## Exercise goal
Exclude the pictures, then restate exactly each line of the data below from the first through the line containing "Incluye 23 piezas".

··· Supplied data

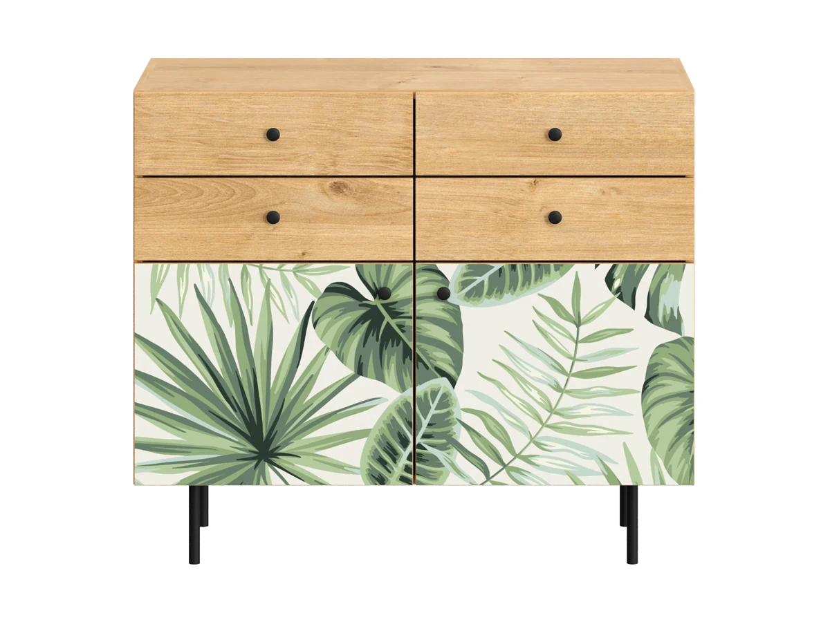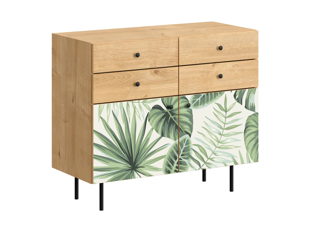 Корпусная мебель, с которой можно составить множество решений для гостиной, детской, кухни, спальни, прихожей, рабочей зоны. Комоды, шкафы, тумбы, столы, витрины, полки, серванты характеризуются универсальностью, многозадачностью, надёжными устойчивыми конструкциями. Имеют выразительный внешний вид, вдохновленный направлением ретро. Смотрятся легко и воздушно за счет деревянных ножек, минимального количества декоративных элементов, спокойных природных оттенков. Их можно использовать в качестве систем хранения, элементов для зонирования, фокусных точек. В дизайне ярко выражена доминанта прямых форм, графичности, лаконичных линий и элегантного исполнения. Что даёт пространству ощущение размеренности, сбалансированности, упорядоченности. Подходят интерьерам как с нейтральной базой, так и локациям с интенсивными цветовыми блоками. Индивидуальности добавят модели с оригинальными паттернами на фасадах. Предметы коллекции Frida гармонично впишутся в эклектичные и стилизованные интерьеры. Ручки входят в стоимость изделия. Высота опор 160 мм. Изображение, нанесенное на фасады, устойчиво к выцветанию, истиранию и влаге. Однако длительное воздействие воды, различных растворителей, спиртосодержащих жидкостей и высоких температур, увеличивают риск повреждения целостности покрытия. Поэтому при использовании необходимо соблюдать ряд правил: 1. Протирайте поверхность с рисунком влажной (но не мокрой) тканью. 2. Используйте мягкие ткани, например, салфетки для стекла или зеркал. 3. Не используйте для обработки поверхности с нанесенным на нее рисунком чистящие порошки и средства, в состав которых входят ацетон, растворитель или спирт. 4. Не используйте металлические губки и щетки с жесткой щетиной. 5. Избегайте ударов, падения, царапания, трения изделий с фотопечатью.
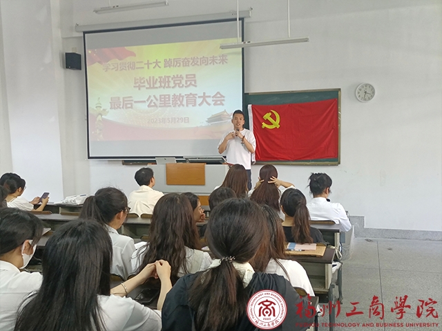5月29日下午,人人操人人舔党委于教学楼F202开展2023届毕业班党员“最后一公里”教育大会。此次会议由人人操人人舔党委组织委员主讲,人人操人人舔毕业生党员参会。
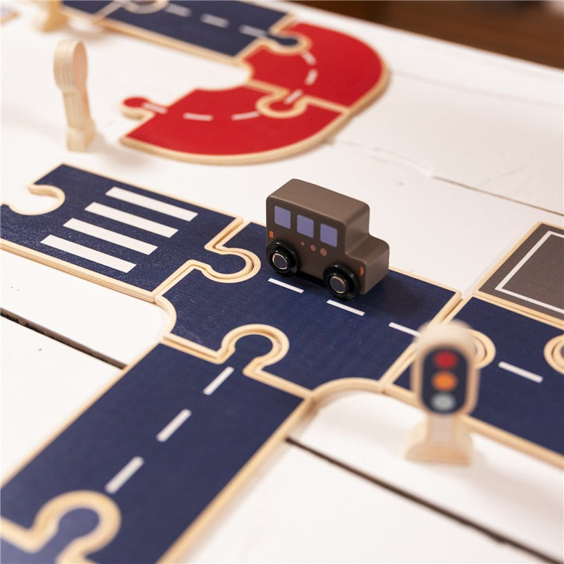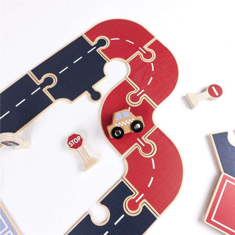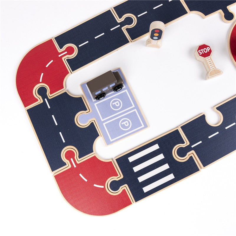 Incluye 23 piezas tipo puzzle para construir circuitos únicos, con detalles como pasos de peatones, aparcamientos, garajes y gasolineras.
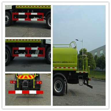 | 其他 | 1.专用装置为罐体和水泵,主要用于道路洒水和园林绿化;2.罐体运输介质:水,密度1000千克/立方米,罐体有效容积:10.8立方米,整车外形尺寸长/轴距/罐体外形尺寸(长×长轴×短轴)对应关系:8580/4700/5000×2200×1300,8380/4500/5000×2200×1300,8080/4200/4300×2250×1450;3.选装驾驶室,选装喷雾装置,可不选装LED箭头指示灯;4.侧.后防护采用Q235材质,连接方式为螺栓连接;后下部防护截面尺寸为(宽×高)53×120(mm),离地高度480mm;5.ABS型号/生产厂家:3631010-C2000/东科克诺尔商用车制动系统(十堰)有限公司,ABS 8/东科克诺尔商用车制动系统(十堰)有限公司, 4460046450/威伯科汽车控制系统(中国)有限公司. | ||
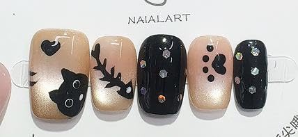 ブラックピンク ドゥードルグラフィティ手绘 高級ニッチネイルウェア 短方形用(M)
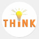 Un design simple qui dit "Pensez" avec une ampoule pointillant la lettre "I" en jaune et orange. Il y a des lignes ondulées autour de l'ampoule qui pourraient sans doute représenter les cheveux impétueux d'Albert Einstein.
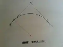 المنحني البسيط لديه نفس نصف القطر وهو قوس وحيد من دائرة مع ممسين يتقابلان في نقطة التقاطع.
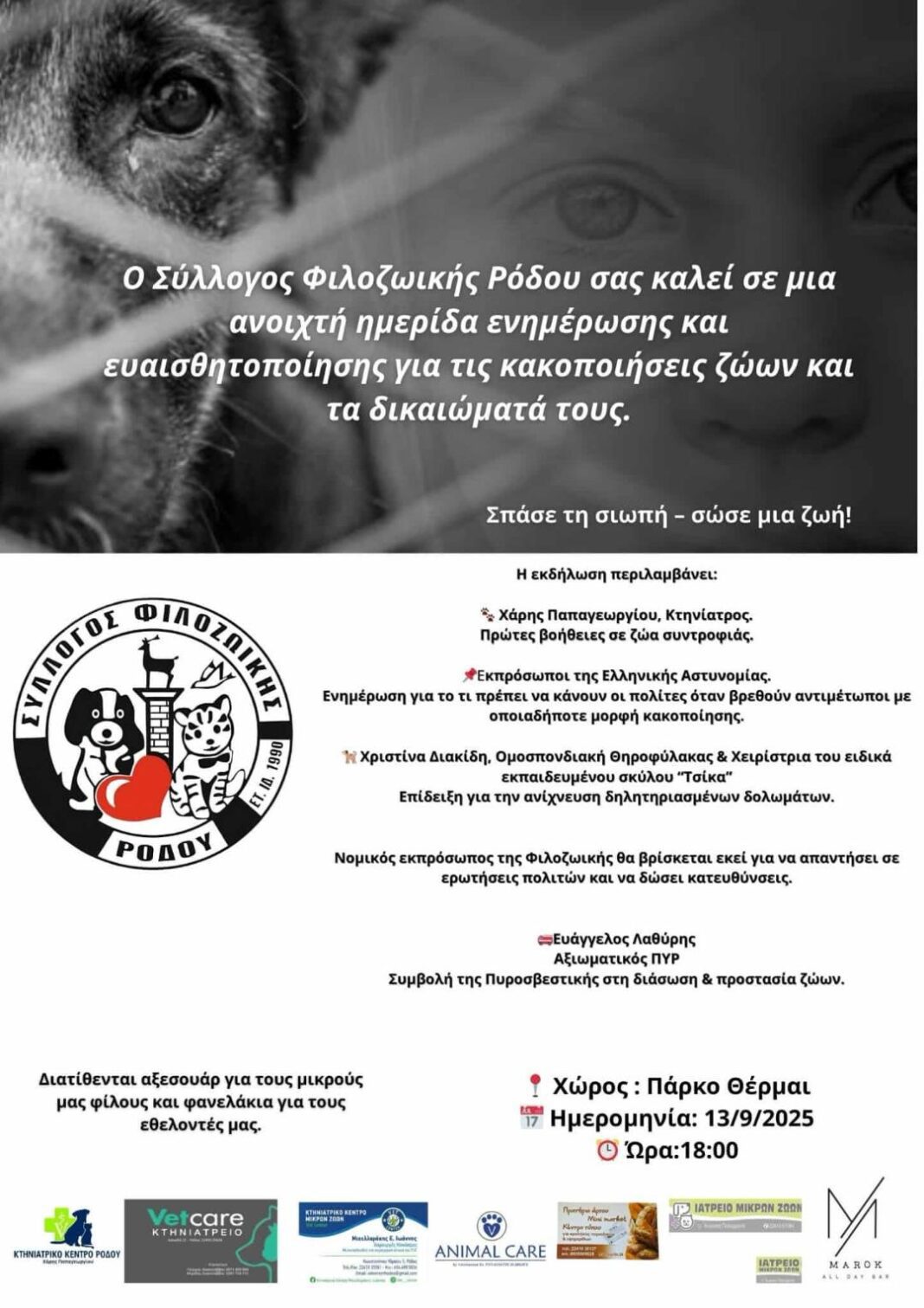 Ο Σύλλογος Φιλοζωικής Ρόδου διοργανώνει το Σάββατο, 13 Σεπτεμβρίου 2025 και ώρα 18:00, στο Πάρκο Θέρμαι, μια ανοιχτή ημερίδα ενημέρωσης και ευαισθητοποίησης με θέμα τις κακοποιήσεις ζώων και τα δικαιώματά τους.
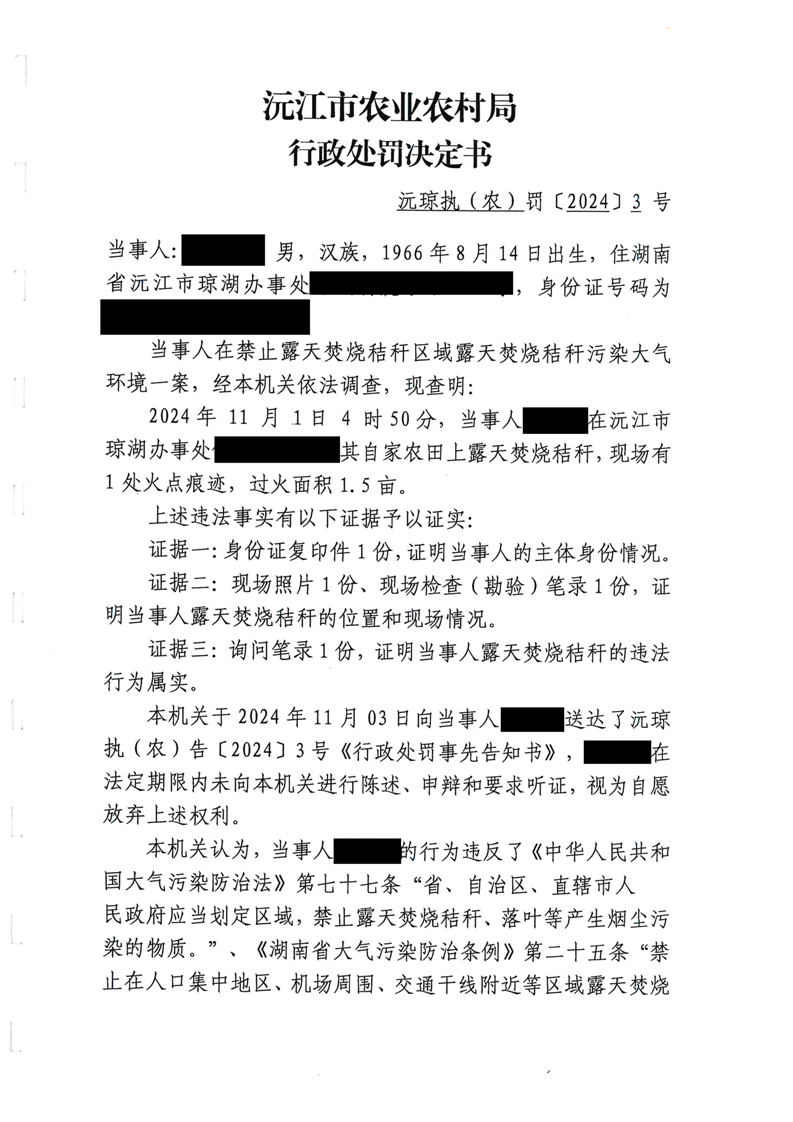 沅琼执(农)罚〔2024〕3号行政处罚决定书
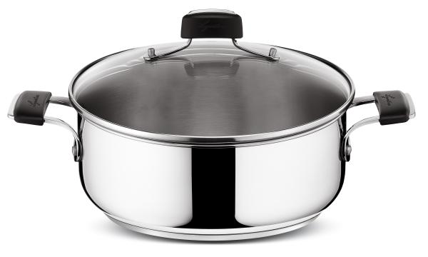 Nizka kozica Lagostina TEMPRA z dvema ročajema iz nerjavečega jekla 18/10 je opremljena s praktičnimi jeklenimi ročaji, privarjenimi na posodo. Ročaji in držalo pokrova so dodatno prevlečeni z nedrsečim silikonom za bolj varen oprijem. Zaradi modernega izgleda jo lahko postavite tudi pred goste.
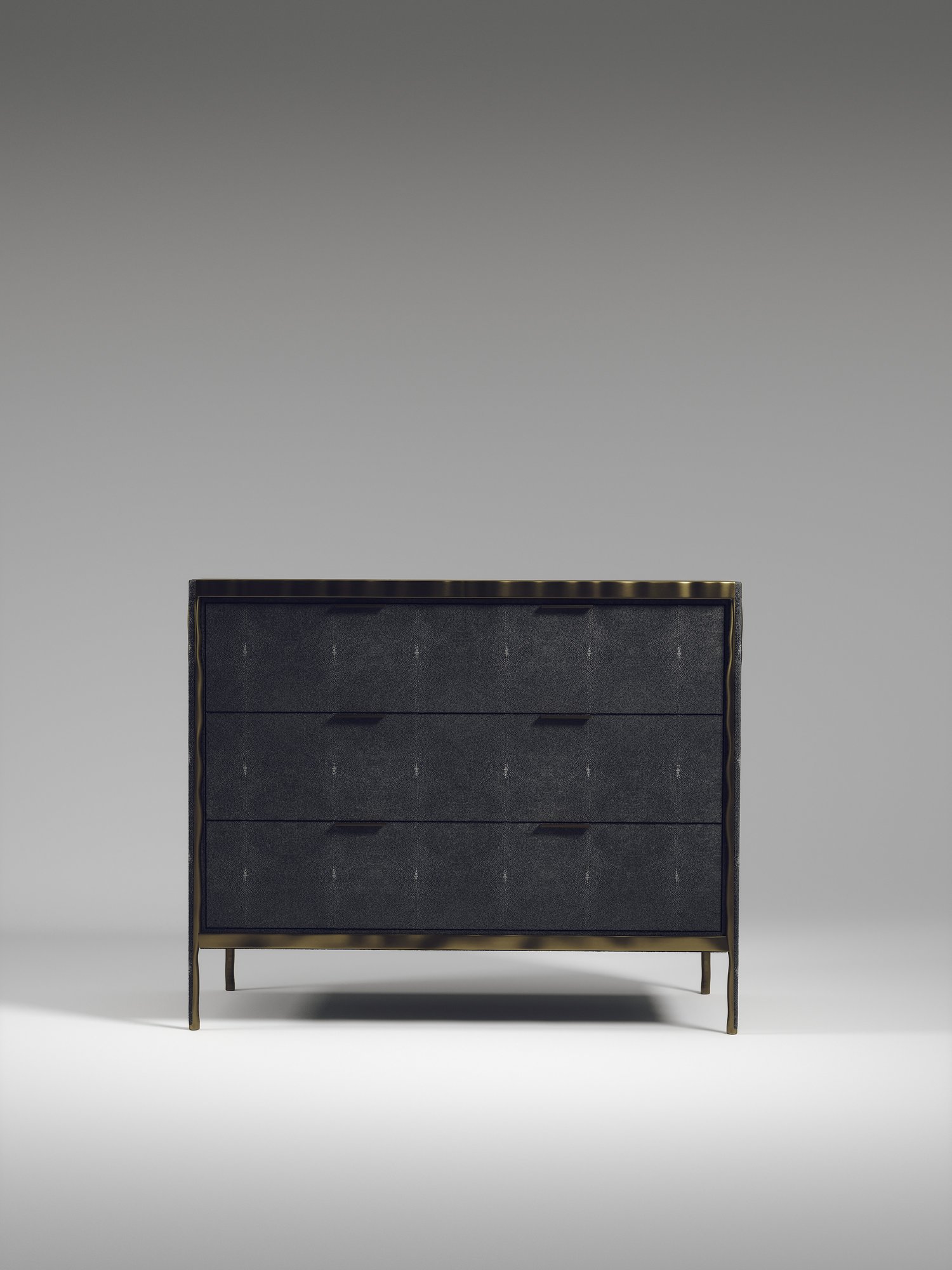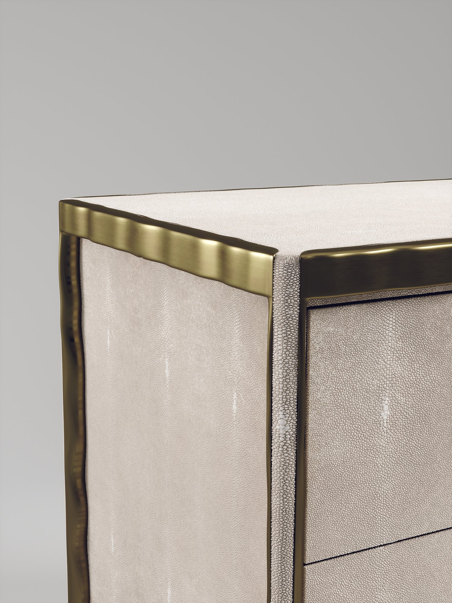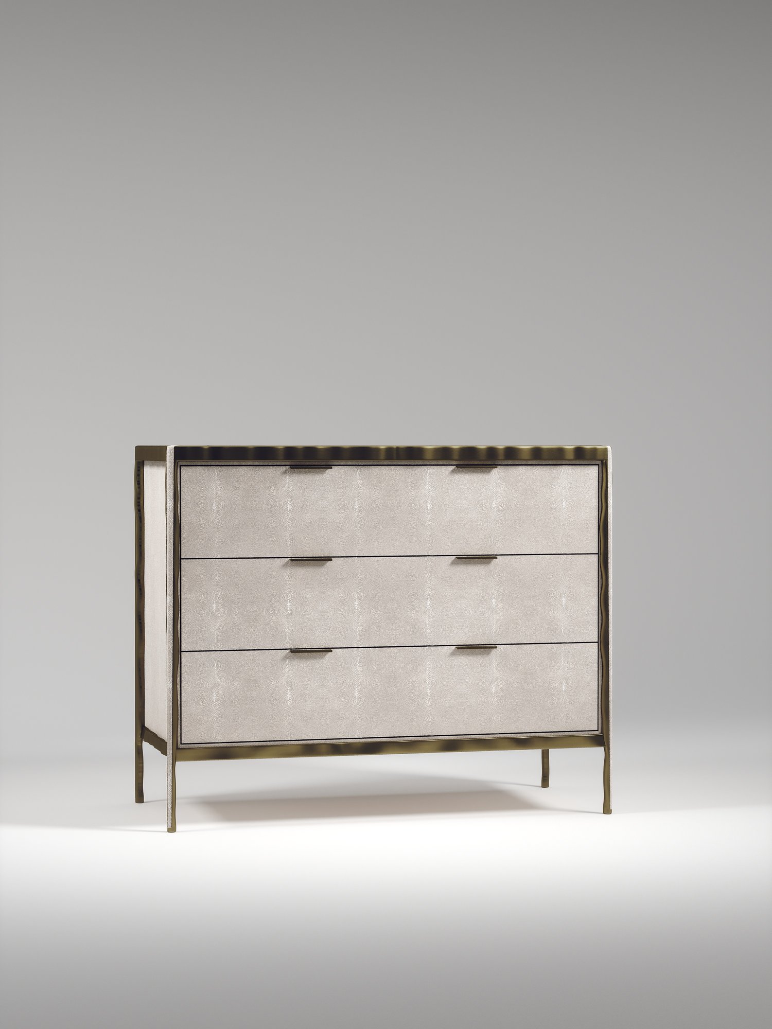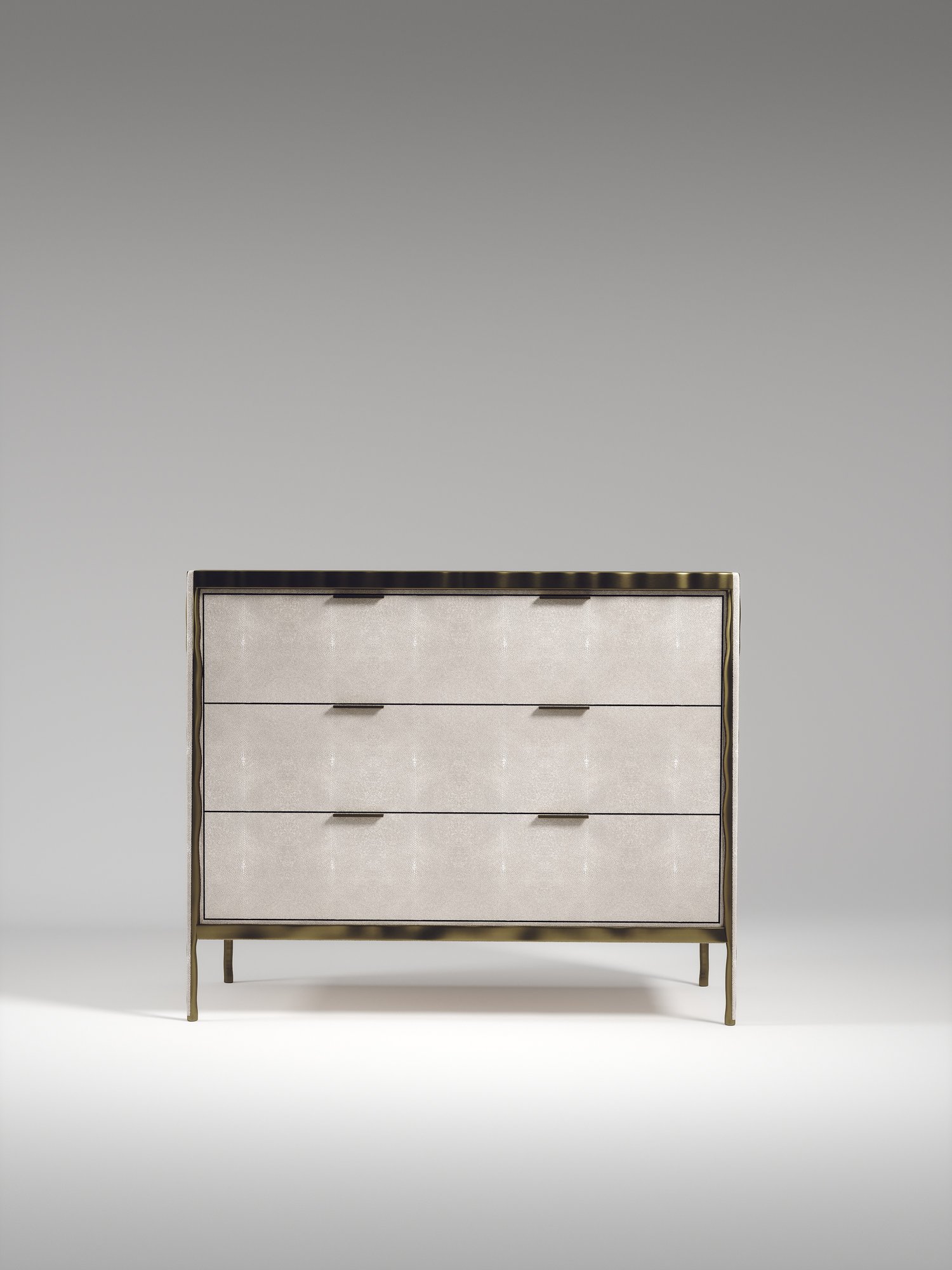 The Melting Chest of Drawers by R&Y Augousti is an elegant piece for any space. The cream shagreen inlaid piece is classic, but accentuated by their signature organic melting bronze-patina brass frame. This sideboard includes 3 drawers with 6 flat handles. This piece is part of the Melting Capsule. Available in other finishes.

······

## Answer to this task
 Корпусная мебель, с которой можно составить множество решений для гостиной, детской, кухни, спальни, прихожей, рабочей зоны. Комоды, шкафы, тумбы, столы, витрины, полки, серванты характеризуются универсальностью, многозадачностью, надёжными устойчивыми конструкциями. Имеют выразительный внешний вид, вдохновленный направлением ретро. Смотрятся легко и воздушно за счет деревянных ножек, минимального количества декоративных элементов, спокойных природных оттенков. Их можно использовать в качестве систем хранения, элементов для зонирования, фокусных точек. В дизайне ярко выражена доминанта прямых форм, графичности, лаконичных линий и элегантного исполнения. Что даёт пространству ощущение размеренности, сбалансированности, упорядоченности. Подходят интерьерам как с нейтральной базой, так и локациям с интенсивными цветовыми блоками. Индивидуальности добавят модели с оригинальными паттернами на фасадах. Предметы коллекции Frida гармонично впишутся в эклектичные и стилизованные интерьеры. Ручки входят в стоимость изделия. Высота опор 160 мм. Изображение, нанесенное на фасады, устойчиво к выцветанию, истиранию и влаге. Однако длительное воздействие воды, различных растворителей, спиртосодержащих жидкостей и высоких температур, увеличивают риск повреждения целостности покрытия. Поэтому при использовании необходимо соблюдать ряд правил: 1. Протирайте поверхность с рисунком влажной (но не мокрой) тканью. 2. Используйте мягкие ткани, например, салфетки для стекла или зеркал. 3. Не используйте для обработки поверхности с нанесенным на нее рисунком чистящие порошки и средства, в состав которых входят ацетон, растворитель или спирт. 4. Не используйте металлические губки и щетки с жесткой щетиной. 5. Избегайте ударов, падения, царапания, трения изделий с фотопечатью.
5月29日下午,人人操人人舔党委于教学楼F202开展2023届毕业班党员“最后一公里”教育大会。此次会议由人人操人人舔党委组织委员主讲,人人操人人舔毕业生党员参会。
 Incluye 23 piezas tipo puzzle para construir circuitos únicos, con detalles como pasos de peatones, aparcamientos, garajes y gasolineras.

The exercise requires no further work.